INFORMATION SHOWN:
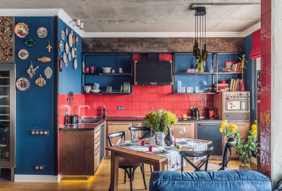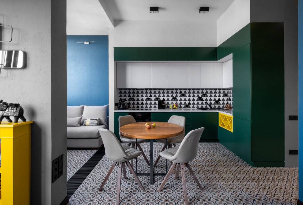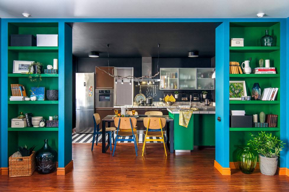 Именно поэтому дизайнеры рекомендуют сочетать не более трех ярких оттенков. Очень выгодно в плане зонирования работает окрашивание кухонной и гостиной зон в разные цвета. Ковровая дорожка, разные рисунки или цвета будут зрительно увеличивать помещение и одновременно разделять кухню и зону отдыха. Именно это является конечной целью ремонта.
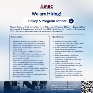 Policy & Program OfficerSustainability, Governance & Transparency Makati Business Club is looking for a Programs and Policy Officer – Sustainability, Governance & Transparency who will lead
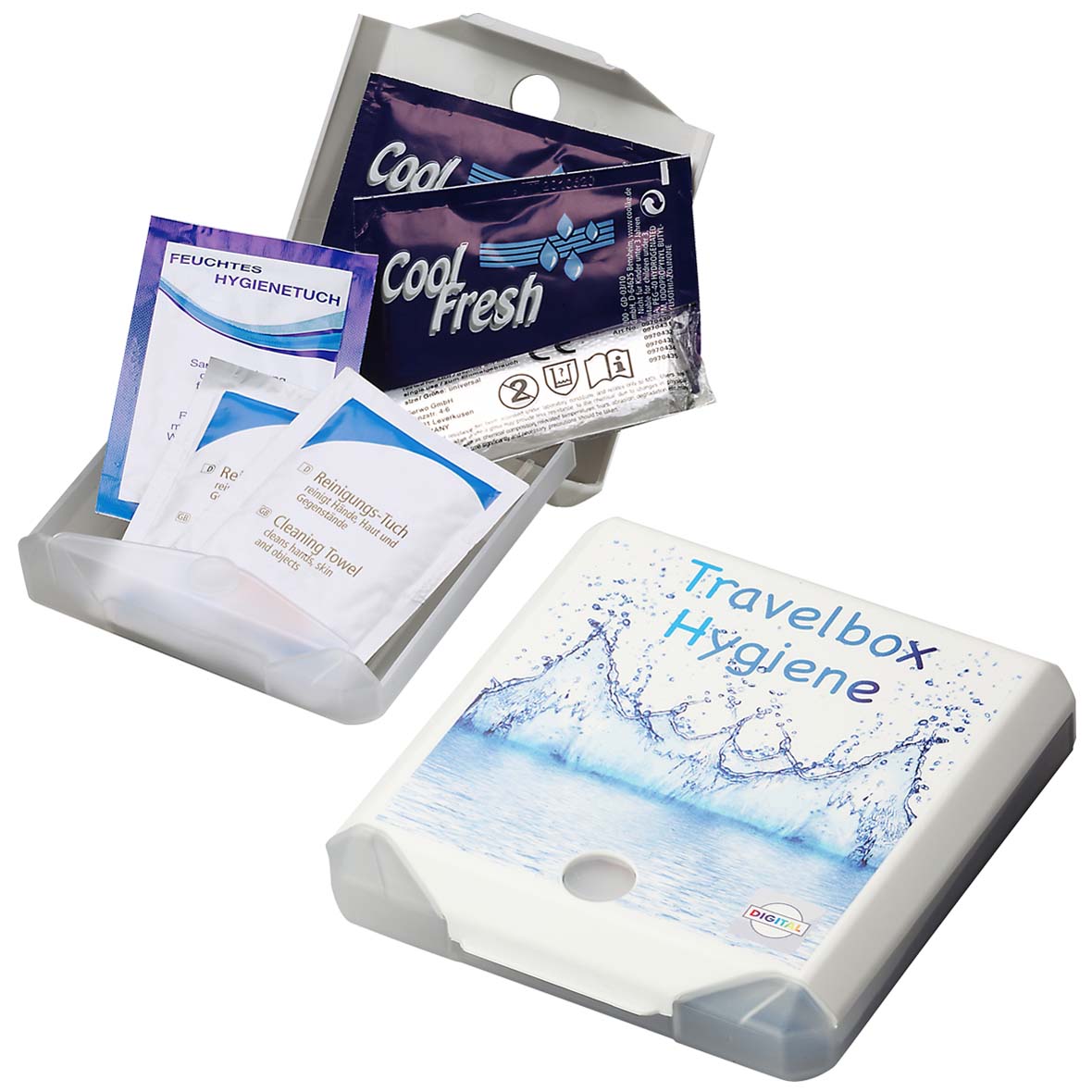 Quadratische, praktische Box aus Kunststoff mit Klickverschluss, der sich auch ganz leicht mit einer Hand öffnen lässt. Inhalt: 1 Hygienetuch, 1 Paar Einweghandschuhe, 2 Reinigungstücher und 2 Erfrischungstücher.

EXERCISE GOAL: Only the lines from the one containing "Policy & Program" through the end of the data above are to be output, exactly and without pictures.

SOLVED PROBLEM:
 Policy & Program OfficerSustainability, Governance & Transparency Makati Business Club is looking for a Programs and Policy Officer – Sustainability, Governance & Transparency who will lead
 Quadratische, praktische Box aus Kunststoff mit Klickverschluss, der sich auch ganz leicht mit einer Hand öffnen lässt. Inhalt: 1 Hygienetuch, 1 Paar Einweghandschuhe, 2 Reinigungstücher und 2 Erfrischungstücher.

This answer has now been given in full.